Repeat, exactly as they appear, the lines from the one with "ബത്തേരി, മാനന്തവാടി, കൽപ്പറ്റ, വൈത്തിരി, കോഴിക്കോട്" through the last line of the entries below, but none of the pictures.

Extracted data Block Start

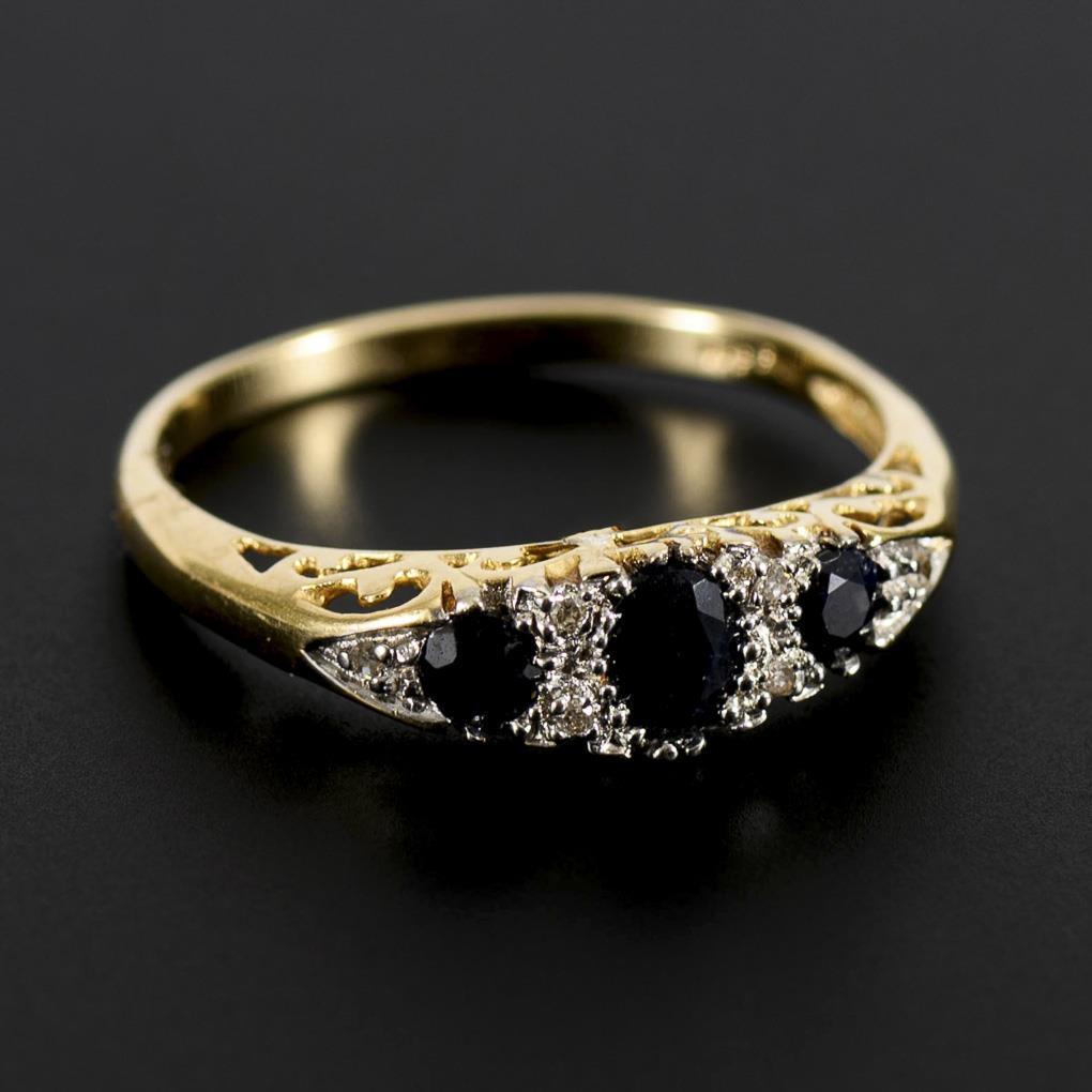 3 inset sapphires and 6 small diamonds, between narrow rail.
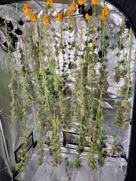 Harvested and drying in tent. Harvest went MUCH faster with this tent. The plants were much shorter than in the other tent, but once I cut off all the branches it was pretty amazing just how many fat buds each plant was hiding. I think this tent may end up winning for yields
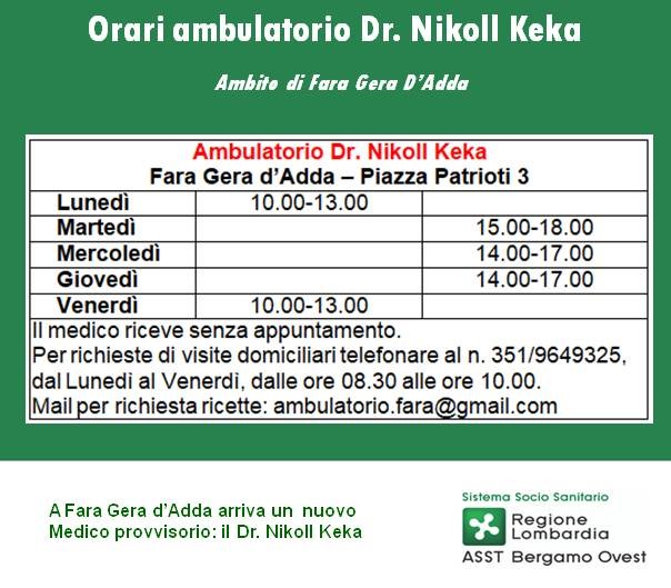 Si informa che Giovedì 12 Settembre 2024 verrà conferito al Dr. Nikoll Keka l’incarico di Medico di Assistenza Primaria provvisorio nell’ambito di Fara Gera D’Adda.
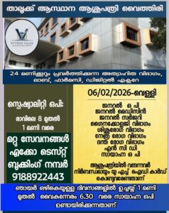 ബത്തേരി, മാനന്തവാടി, കൽപ്പറ്റ, വൈത്തിരി, കോഴിക്കോട് ആശുപത്രികളിലെ ഇന്നത്തെ ( 06.02.2026 – വെള്ളി ) പ്രധാന ഒ.പി വിവരങ്ങൾ
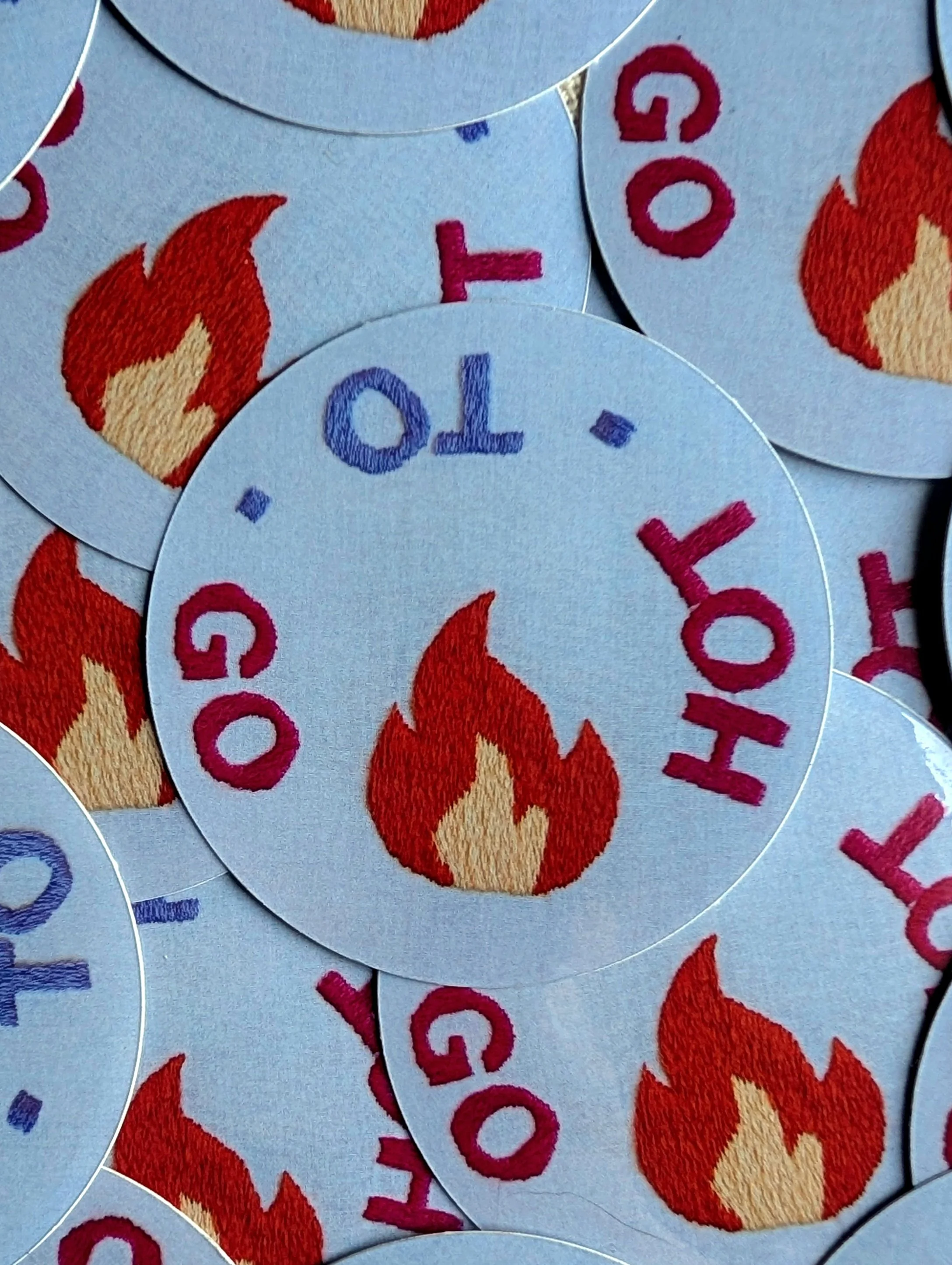 Love the look of embroidery but don’t have the wall space for a hoop? Get a sticker instead! This 2.5” vinyl sticker is perfect for a notebook, a water bottle, wherever!

Extracted data Block End

- Solved exercise -
 ബത്തേരി, മാനന്തവാടി, കൽപ്പറ്റ, വൈത്തിരി, കോഴിക്കോട് ആശുപത്രികളിലെ ഇന്നത്തെ ( 06.02.2026 – വെള്ളി ) പ്രധാന ഒ.പി വിവരങ്ങൾ
 Love the look of embroidery but don’t have the wall space for a hoop? Get a sticker instead! This 2.5” vinyl sticker is perfect for a notebook, a water bottle, wherever!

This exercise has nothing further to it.